Building out software systems presents a wide variety of challenges and machine learning is no different. The challenges can be broadly categorised into 5 different types viz. Quality of the data, Repeatability, Data Variance, Tooling, Conflicting vision
Lets take each of these and talk about them
Quality of the training data: This follows the classic maxim of software engineering which is garbage in garbage out. Care should be taken in ensuring that the data used should be complete, accurate and consistent in all respects. It all starts with the sourcing of data. Ask questions – Am I harvesting this data from the right source? Can this be considered as the golden source of truth. Once satisfied, move forward towards analysing the data. Some of the things to look for when analysing the data is whether there are any typos, whether entries have been duplicated, whether there are inconsistencies in measurement units like for e.g. miles versus kilometers. There are costs to be paid for bad quality data – for e.g. if entries are duplicated, the model would incorrectly assign a higher weightage to those data elements. If data labels (note the emphasis on labels) are marked in-correct the accuracy of the whole model in predicting on production data will be wildly inaccurate. Data needs to be complete – if the job of the model is to predict the weather for the whole of California, we cannot afford to collect the data just for 2 counties – LA and San Francisco.
Repeatability: We are all used to the unshakable consistency of machine behavior, especially when it comes to programming. Given the same set of inputs, a software program will always give out the same set of outputs, there is always consistency. Not so much with machine learning. The amount of variables involved in standing up a ML model throws a wrench on this expectation. Randomness is built into the entire science of machine learning. It starts with model weights being initialised with random values. Now this weight goes through multiple iterations before converging into 1 firm value. Now it is clear that if we change the value of the weight with which we started, we will end with a different value when the iterations have finished. The solution to this is to set a fixed random value – sounds like an oxymoron. Setting the random weight to be a constant is just 1 thing, we need to ensure that all the different parts which go into a model need to be set – meaning ensure that the test data is the same between experiments, the way we which we split the data into test and training is the same, the hyper parameters are set in the same way.

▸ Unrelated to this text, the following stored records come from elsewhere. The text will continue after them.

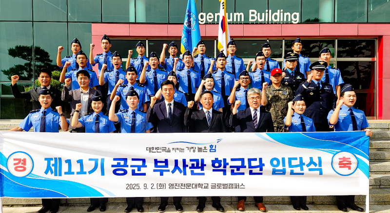 전국 유일의 공군 부사관학군단(RNTC)을 운영 중인 영진전문대학교가 제11기 입단식을 열고 항공정비 전문 간부 양성에 나섰다.
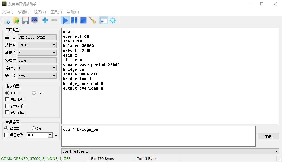 Ø通过串口调试程序写入 cta 1 bridge_on
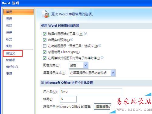 3、在彈出的【Word選項】窗口中,左邊一欄找到【自定義】選項并點擊
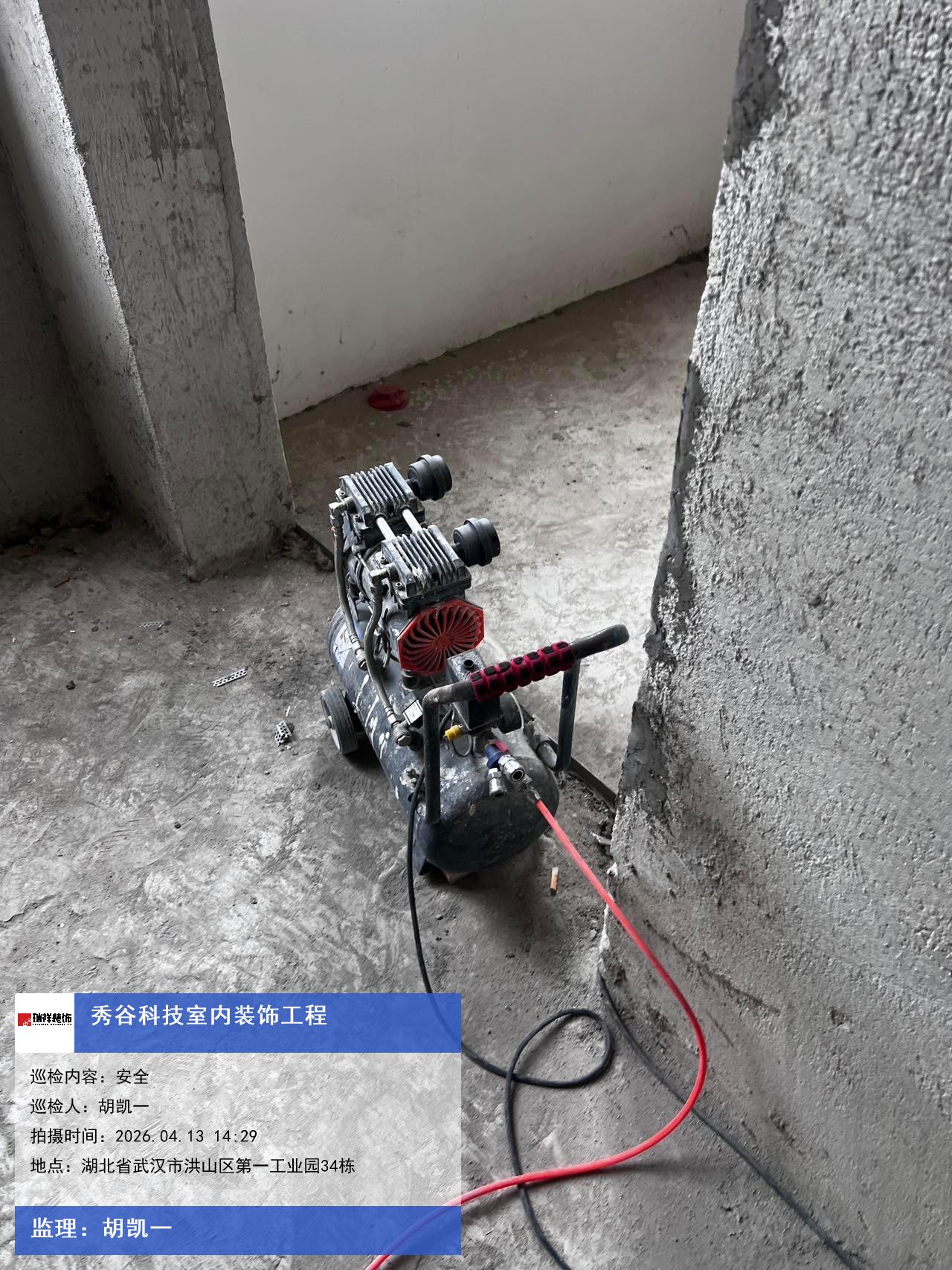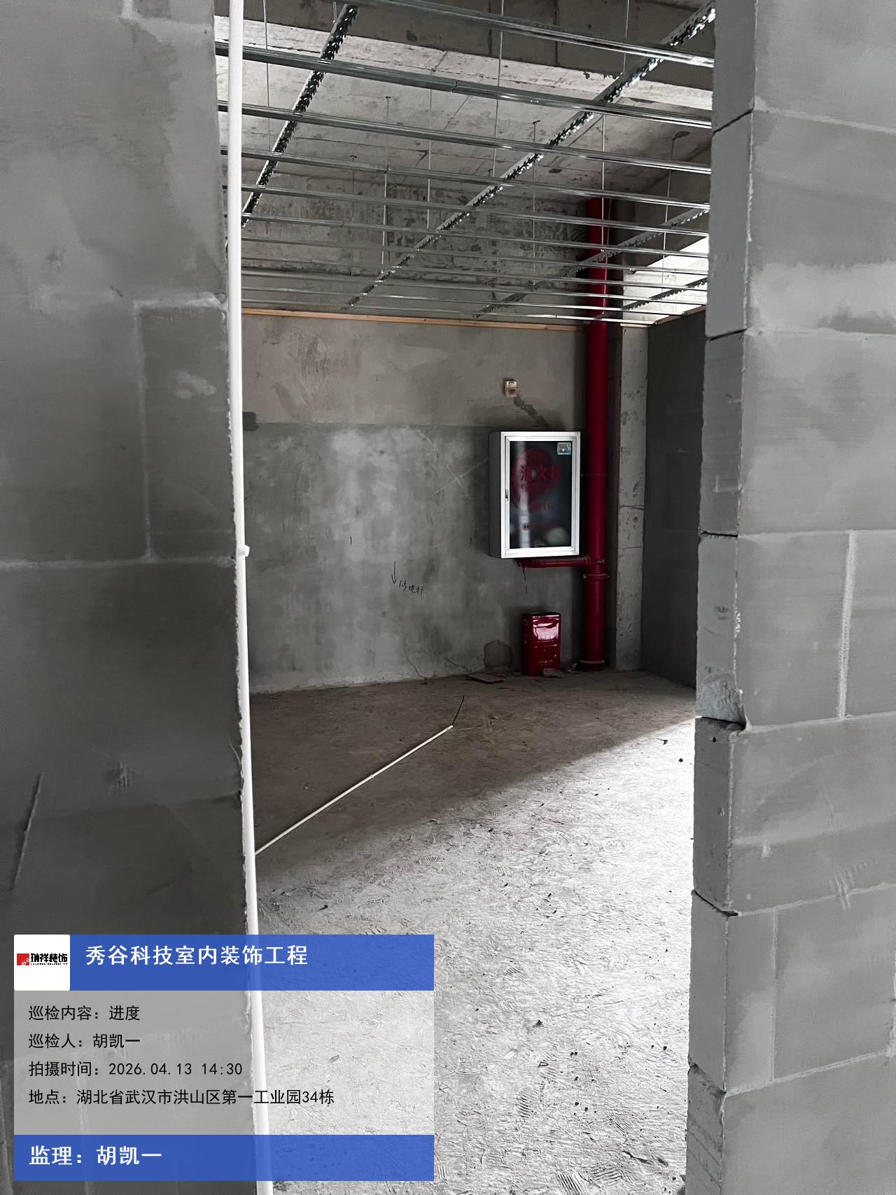 版权声明:本站所有文章除特别标注授权发布外,其他文字内容均为原创,享有著作权保护,未经许可不得以任何形式进行转载(包括且不限于:媒体、网站、公众号等)。本文链接 -> 武汉秀谷科技有限公司装修公司办公室2026年04月13日工程监理巡检
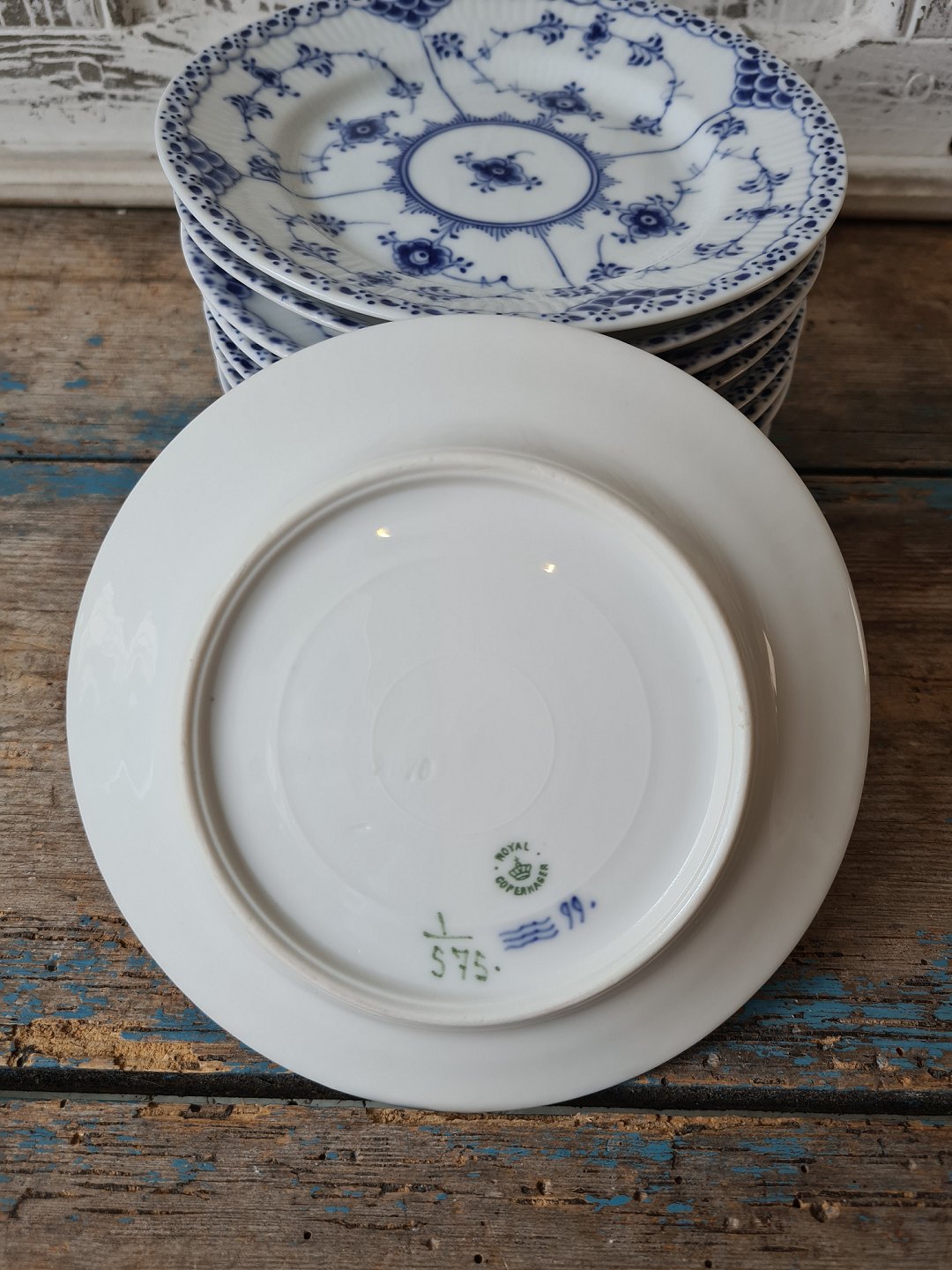 Royal Copenhagen Musselmalet halvblonde kagetallerken no. 575 - 15,5 cm. 1898-1923 |
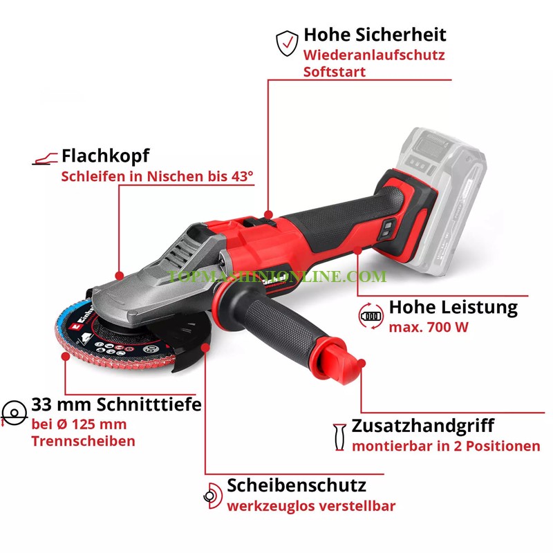 С плоска глава за шлайфане под ъгъл до 43° Плавен старт и защита при рестартиране Прахоустойчива конструкция
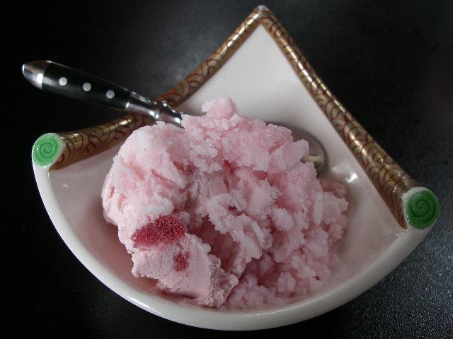 山形市のラーメン屋さんの《手作りいちごシャーベット》です。
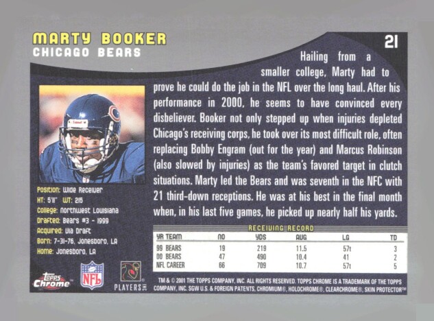 You are purchasing a 2001 Topps Chrome Marty Booker #21. You will receive the exact item in the photographs. Thank you for looking.
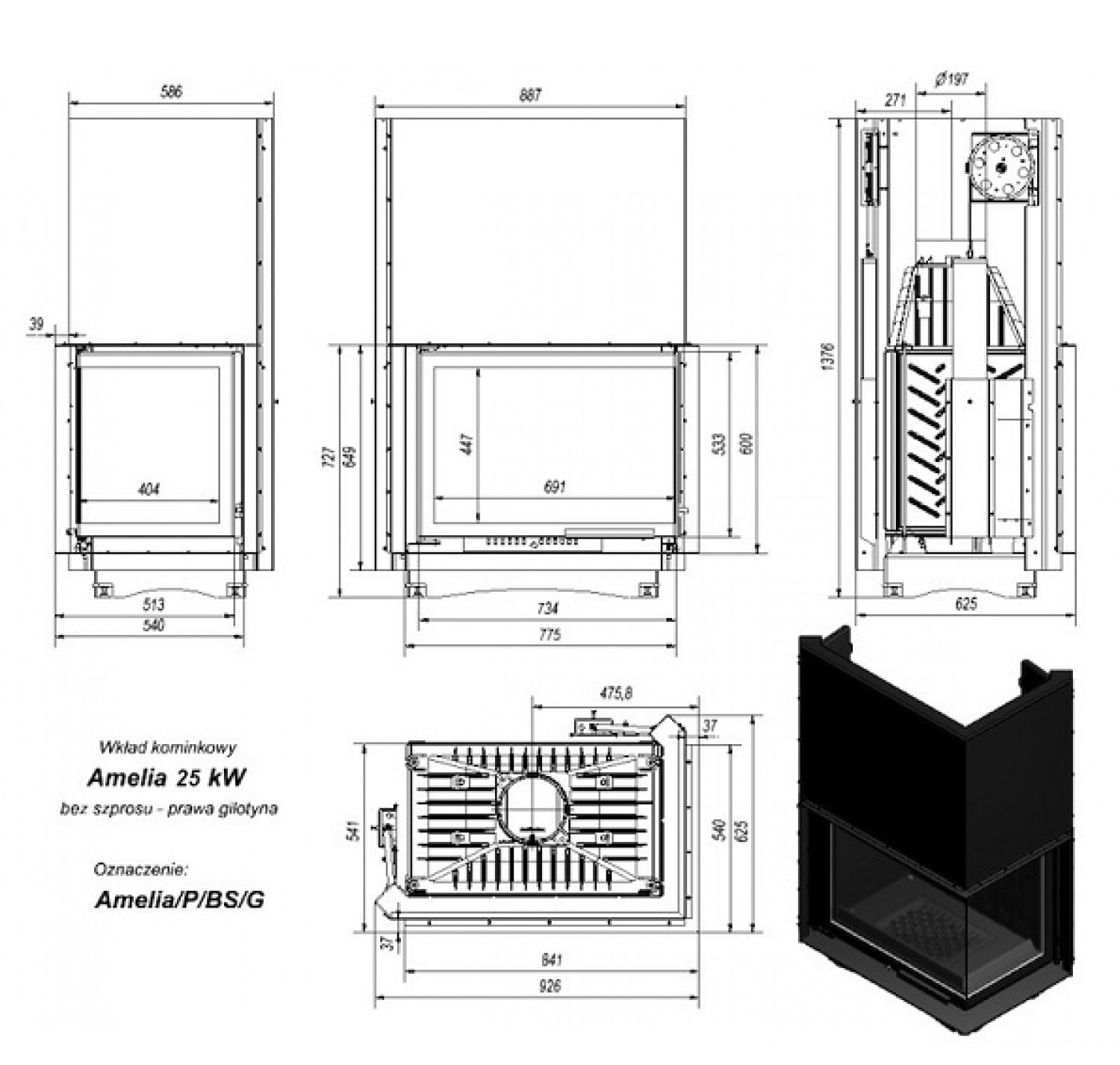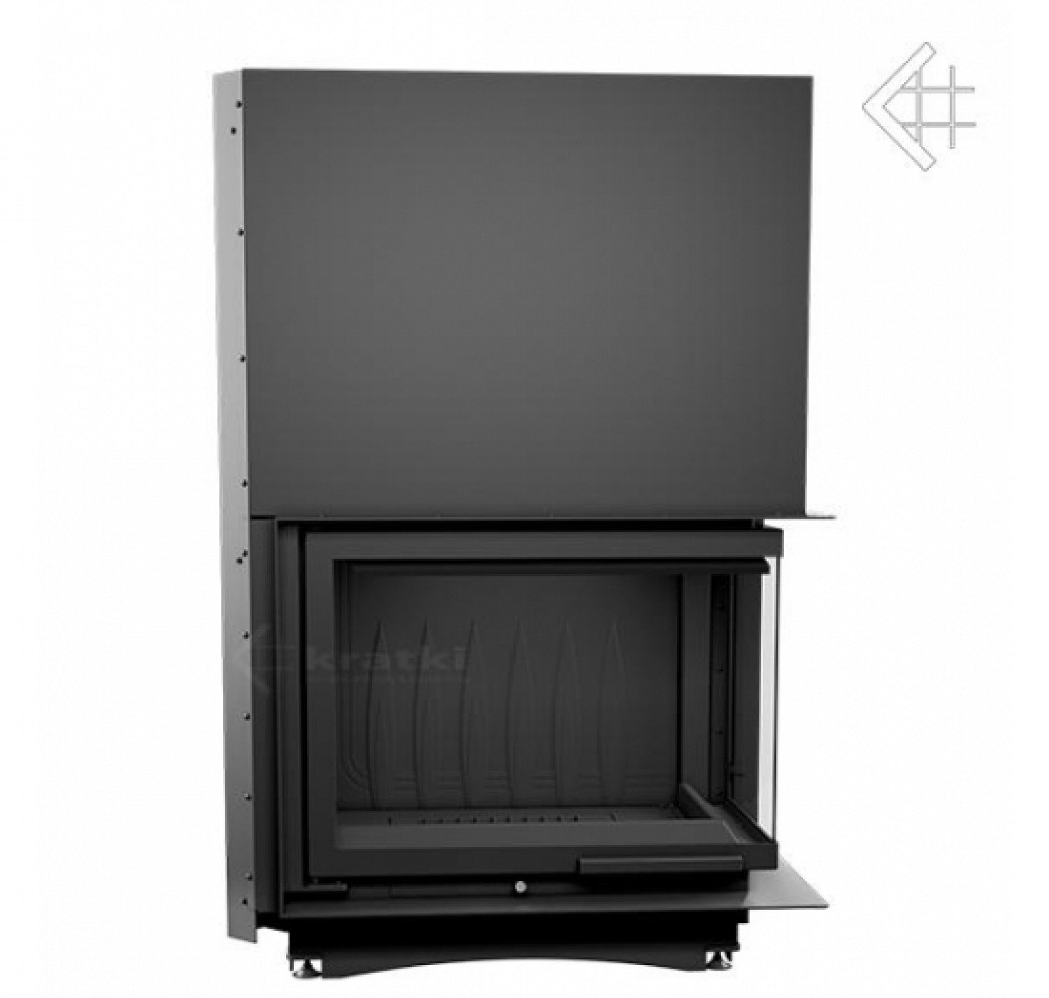 Amelia P/BS/G (угловое стекло справа, гильотина)— топочная камера или топка-вкладыш, предназначенная для отопления дома площадью до250 кв.м. Встраиваемая топка отKRATKI сгильотинным механизмом (вертикальный подъём дверцы). Чугунная топка-инсерт, работающая надревесном топливе свысоким дымосборником ибольшой камерой сгорания имеет угловое стекло, позволяющее любоваться живым пламенем снескольких сторон. Вслучае полного открытия дверцы (которая скрывается вподъемном механизме) топка Amelia P/BS/G «превращается» воткрытый камин. Особенности оборудования серии Amelia Р/BS/G отKRATKI: Дверца сГ-образным стеклом слевой стороны; Вертикальный механизм подъема дверцы; Чугунная топка непрерывного сгорания; Топка высокой мощности, предназначена для больших помещений; Теплоемкость прибора увеличивают ребра повсему корпусу; Топливо— сухие дрова длиной до500 мм; Стекло— термостойкая стеклокерамика, предел нагрева 800 С; Полная герметичность дверцы; Система «двойного дожига»; Топка имеет съемную ручку надверце; Прозрачность стекла обеспечивает система встроенного обдува; Предусмотрен держатель дров— непозволяет рассыпаться при открытии дверцы; Дно топочной камеры имеет отверстие для золы.

Data Variance: Change is the only constant, as they say and the rule applied to the data used in machine learning too. We could have taken all the care in the world that the data which we used for training our model was accurate and complete in all respects. But with time now, the nature of data would have changed. E.g. lets say you had built a machine learning model which given a set of pictures would categorise them into either – business formals or business semi – formals. Societal norms change and what was considered business formal before could be outdated today. Likewise, with the advance of technology and data gathering mechanism, it could also be very much possible that more features of the same data set are available today which could produce a more accurate data model. So the idea here is to refresh the data which we use to train our model
Tooling: It has to be acknowledged that we donβt use a hammer to shoo away a mosquito. Meaning the right tool for the right purpose. It should be acknowledged that different use cases need varying amounts of infrastructure. Meaning an image oriented machine learning model will require more horse power than a tabular data based machine learning model. Similarly, different phases of a machine learning modelling process require different sets of tools. Meaning, a team of machine learning engineers and scientists working on prototyping a model would require less horse power than when the same prototype is running in production against real world data loads. The challenge here is developing the ability in coming up with the right set of tools for the right use case.
Conflicting vision: Too many cooks spoil the broth. And in a team between a ML engineer, the product manager and the executive leader, if they share different visions of what the model is supposed to do, then all of their views need to be re-conciled. There has to be a compromise and a go-forward path.